Но те не остановились, охватили пришельцев в кольцо, отталкивая под стену, в сторону открытой шахты лифта.

— Эй, дальше уже ни шагу, — произнес Томаш, но как-то слабо, без уверенности. Он понимал, что никто не остановится. Даже Малгося.

— Вы, дайте проход! — завопил Михал. — Пройти дайте!

И прежде, чем Томаш понял идею парня, Михал бросился вперед, оттолкнул первого попавшегося мужика, так что тот беспомощно полетел на остальных — блеснули белки, блеснули клыки. Михал схватил Малгосю за мокрое запястье, рванул, совершенно безвольную, та споткнулась на лежавшем на полу теле. Глянула на Михала — не узнала.

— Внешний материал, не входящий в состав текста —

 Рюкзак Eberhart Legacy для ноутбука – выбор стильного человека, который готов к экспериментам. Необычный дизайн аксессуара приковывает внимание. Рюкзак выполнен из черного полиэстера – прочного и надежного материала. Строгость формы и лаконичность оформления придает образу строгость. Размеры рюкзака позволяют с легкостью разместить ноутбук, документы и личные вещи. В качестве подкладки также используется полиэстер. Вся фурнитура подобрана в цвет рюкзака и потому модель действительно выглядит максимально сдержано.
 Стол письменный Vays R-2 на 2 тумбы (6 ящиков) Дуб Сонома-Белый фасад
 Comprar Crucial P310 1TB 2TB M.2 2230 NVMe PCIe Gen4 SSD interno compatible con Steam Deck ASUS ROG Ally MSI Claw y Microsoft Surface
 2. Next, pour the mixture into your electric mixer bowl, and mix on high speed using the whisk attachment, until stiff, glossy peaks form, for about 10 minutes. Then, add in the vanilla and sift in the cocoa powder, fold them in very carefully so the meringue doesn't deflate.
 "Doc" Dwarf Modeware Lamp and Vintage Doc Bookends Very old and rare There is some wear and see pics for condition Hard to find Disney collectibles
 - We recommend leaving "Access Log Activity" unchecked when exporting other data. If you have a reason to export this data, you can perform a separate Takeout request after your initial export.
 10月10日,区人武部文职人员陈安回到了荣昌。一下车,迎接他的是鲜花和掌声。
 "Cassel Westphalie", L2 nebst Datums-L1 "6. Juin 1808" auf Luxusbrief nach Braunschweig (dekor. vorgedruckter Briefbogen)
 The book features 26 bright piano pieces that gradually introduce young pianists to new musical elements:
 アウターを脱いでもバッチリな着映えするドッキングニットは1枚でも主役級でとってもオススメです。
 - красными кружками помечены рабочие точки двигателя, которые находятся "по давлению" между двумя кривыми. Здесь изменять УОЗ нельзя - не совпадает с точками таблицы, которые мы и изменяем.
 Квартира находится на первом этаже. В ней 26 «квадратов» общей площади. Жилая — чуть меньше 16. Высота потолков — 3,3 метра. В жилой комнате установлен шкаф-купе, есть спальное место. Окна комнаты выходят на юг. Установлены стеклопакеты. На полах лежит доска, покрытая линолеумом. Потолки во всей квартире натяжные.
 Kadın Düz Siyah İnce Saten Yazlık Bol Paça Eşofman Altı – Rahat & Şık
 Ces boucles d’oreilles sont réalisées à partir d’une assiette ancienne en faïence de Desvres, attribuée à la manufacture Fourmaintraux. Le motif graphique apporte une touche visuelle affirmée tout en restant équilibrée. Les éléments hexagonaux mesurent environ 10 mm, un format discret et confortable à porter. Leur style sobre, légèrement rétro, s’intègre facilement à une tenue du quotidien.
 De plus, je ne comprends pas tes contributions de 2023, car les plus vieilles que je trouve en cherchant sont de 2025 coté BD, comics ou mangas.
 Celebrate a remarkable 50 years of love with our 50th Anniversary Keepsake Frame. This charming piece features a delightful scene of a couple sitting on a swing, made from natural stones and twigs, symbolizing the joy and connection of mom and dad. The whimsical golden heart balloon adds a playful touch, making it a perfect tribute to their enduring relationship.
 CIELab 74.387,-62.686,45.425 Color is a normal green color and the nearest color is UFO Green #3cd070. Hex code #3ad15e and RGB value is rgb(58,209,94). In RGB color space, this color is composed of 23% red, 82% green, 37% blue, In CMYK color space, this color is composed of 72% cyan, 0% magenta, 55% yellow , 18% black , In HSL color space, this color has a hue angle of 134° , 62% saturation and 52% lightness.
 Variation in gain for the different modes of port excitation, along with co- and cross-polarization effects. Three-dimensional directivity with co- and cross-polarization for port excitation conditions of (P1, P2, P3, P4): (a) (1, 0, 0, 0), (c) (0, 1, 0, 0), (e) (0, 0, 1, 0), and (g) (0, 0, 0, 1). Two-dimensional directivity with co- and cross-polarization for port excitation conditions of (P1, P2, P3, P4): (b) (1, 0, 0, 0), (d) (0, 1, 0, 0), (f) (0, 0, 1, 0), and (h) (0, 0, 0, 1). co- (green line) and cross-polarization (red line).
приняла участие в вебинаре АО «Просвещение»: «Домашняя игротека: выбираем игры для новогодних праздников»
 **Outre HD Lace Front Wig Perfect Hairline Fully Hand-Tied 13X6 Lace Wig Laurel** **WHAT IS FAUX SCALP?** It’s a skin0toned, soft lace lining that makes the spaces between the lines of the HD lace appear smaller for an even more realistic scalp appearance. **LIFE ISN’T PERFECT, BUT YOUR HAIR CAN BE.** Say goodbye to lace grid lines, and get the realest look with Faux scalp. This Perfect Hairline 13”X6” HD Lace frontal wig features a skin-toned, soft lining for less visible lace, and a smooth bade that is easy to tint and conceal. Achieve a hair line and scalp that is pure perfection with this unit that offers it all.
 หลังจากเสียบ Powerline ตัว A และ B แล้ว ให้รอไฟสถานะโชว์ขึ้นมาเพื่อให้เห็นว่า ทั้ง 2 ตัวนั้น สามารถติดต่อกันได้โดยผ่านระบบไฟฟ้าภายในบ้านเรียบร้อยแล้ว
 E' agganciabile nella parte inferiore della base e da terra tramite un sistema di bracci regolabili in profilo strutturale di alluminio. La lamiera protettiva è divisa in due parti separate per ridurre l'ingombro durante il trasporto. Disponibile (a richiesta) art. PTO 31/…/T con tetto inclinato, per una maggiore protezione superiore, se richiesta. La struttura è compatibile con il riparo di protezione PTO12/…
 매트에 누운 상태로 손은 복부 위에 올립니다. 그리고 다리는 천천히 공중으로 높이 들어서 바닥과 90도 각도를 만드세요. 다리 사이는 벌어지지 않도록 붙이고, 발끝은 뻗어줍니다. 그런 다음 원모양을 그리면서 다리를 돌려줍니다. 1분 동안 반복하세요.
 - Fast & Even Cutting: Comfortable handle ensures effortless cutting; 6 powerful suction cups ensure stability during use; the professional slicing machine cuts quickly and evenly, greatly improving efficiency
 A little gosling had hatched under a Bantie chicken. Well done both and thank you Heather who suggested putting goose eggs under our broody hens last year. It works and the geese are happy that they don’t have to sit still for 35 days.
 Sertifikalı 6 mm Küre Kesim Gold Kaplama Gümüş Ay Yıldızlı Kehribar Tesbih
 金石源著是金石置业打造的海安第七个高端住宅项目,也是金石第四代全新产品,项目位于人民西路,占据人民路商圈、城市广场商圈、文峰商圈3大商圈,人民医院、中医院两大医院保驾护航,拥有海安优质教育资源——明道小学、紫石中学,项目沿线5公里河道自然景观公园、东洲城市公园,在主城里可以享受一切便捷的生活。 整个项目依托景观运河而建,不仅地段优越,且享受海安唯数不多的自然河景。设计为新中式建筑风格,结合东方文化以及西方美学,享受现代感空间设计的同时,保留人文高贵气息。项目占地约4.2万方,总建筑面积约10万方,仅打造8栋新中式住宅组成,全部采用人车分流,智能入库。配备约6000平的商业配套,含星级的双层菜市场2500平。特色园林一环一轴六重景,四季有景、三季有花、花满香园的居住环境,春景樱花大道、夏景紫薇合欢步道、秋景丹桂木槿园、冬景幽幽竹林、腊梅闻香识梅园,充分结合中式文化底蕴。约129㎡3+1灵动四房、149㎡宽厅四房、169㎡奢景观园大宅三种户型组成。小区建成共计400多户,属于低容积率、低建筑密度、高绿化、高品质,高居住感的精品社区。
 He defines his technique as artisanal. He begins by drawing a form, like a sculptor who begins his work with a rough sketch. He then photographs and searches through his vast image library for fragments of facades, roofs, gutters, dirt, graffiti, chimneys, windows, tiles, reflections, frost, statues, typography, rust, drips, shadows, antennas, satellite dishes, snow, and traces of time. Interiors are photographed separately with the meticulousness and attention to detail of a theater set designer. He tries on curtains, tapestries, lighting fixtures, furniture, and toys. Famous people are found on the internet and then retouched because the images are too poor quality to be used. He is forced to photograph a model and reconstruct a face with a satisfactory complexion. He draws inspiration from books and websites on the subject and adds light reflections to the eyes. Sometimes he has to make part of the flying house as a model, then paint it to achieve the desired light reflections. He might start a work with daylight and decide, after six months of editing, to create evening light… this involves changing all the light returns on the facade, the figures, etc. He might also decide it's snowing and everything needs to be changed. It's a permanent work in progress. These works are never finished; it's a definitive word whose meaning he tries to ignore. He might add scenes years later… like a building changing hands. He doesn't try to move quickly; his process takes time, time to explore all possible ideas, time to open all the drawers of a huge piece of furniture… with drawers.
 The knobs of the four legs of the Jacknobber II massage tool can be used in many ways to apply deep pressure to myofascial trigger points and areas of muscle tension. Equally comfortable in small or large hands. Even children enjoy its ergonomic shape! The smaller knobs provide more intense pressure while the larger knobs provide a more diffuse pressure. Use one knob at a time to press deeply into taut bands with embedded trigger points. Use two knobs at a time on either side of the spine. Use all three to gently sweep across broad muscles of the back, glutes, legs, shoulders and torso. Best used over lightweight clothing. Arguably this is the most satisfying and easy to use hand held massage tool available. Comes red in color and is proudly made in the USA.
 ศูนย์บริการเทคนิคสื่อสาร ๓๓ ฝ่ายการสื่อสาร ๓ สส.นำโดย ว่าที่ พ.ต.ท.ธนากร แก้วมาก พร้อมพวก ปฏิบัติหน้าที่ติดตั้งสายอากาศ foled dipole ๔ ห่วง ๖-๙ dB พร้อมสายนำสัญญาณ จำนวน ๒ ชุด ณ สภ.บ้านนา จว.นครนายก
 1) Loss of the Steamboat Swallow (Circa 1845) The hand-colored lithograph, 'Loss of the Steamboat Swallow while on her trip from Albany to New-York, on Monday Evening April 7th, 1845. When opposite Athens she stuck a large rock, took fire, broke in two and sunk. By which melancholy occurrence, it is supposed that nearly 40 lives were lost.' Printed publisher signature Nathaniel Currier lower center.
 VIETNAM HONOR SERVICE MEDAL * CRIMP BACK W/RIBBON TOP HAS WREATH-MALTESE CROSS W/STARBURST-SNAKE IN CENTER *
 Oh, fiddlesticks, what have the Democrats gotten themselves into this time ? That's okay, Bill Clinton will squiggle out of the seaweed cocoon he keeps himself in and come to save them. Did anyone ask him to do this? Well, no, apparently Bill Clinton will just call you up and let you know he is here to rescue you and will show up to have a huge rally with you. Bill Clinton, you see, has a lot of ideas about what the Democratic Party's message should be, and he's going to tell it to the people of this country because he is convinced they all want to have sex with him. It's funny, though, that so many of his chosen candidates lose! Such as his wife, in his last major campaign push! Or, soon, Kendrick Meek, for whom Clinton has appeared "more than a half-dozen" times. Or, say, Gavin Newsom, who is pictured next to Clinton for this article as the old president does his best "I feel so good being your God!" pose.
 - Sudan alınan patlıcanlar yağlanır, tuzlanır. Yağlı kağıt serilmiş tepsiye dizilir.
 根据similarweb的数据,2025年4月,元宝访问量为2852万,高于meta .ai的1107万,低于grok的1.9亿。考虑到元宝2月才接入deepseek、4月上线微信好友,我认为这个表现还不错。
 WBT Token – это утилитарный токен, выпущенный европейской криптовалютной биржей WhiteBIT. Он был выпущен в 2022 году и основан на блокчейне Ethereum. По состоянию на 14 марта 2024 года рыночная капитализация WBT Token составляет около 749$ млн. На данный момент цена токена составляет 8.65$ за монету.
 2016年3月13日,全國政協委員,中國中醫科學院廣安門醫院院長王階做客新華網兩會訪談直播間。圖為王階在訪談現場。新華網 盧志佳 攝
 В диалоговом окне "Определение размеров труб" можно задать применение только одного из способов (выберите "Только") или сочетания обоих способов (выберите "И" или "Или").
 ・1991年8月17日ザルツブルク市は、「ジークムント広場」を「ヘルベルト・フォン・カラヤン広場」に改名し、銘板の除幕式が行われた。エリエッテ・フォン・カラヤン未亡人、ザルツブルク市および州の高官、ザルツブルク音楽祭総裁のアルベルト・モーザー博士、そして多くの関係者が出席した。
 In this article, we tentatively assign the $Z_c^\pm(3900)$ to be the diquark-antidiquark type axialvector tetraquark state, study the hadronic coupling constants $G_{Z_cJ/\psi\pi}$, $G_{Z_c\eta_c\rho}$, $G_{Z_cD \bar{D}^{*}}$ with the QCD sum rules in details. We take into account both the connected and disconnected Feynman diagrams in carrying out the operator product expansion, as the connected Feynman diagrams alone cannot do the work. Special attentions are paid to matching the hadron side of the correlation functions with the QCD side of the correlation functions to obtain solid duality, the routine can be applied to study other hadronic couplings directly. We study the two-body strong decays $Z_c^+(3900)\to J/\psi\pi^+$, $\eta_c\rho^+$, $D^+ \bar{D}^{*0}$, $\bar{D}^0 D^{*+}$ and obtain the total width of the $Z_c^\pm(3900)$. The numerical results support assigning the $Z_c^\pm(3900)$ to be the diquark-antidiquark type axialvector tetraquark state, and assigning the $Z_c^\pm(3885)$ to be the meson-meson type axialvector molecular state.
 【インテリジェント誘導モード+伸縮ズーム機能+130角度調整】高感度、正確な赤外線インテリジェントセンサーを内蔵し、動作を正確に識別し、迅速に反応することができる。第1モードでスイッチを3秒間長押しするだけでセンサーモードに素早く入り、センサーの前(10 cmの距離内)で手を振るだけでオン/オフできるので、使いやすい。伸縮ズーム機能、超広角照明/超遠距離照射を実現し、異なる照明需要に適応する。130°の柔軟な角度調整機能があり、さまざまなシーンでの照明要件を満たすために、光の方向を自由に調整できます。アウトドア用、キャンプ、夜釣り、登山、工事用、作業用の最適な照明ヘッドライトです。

— Дай место! — рявкнул он снова.

И до Томаша дошло. Никогда раньше не думал он, что способен убить человека, но разве была сейчас людьми эта банда ангелов с мертвыми глазами? Что они здесь делали? Он выстрелил. На сей раз отдача уже не была для него неожиданностью. Специально он ни в кого не целился, рассчитывая на то, что пуля попросту сделает пролом в людской стене, и потому промахнулся, пуля помчалась, ударилась где-то в стену, кто-то сзади упал — быть может, выстрел все же оказался прицельным? Он выстрелил снова. Мужчина словно с журнальных страниц, с торсом-треугольником, получил пулю в живот, скорчился, упал и пополз к Томашу. Блин, но ведь он должен умереть. Томаш снова выстрелил.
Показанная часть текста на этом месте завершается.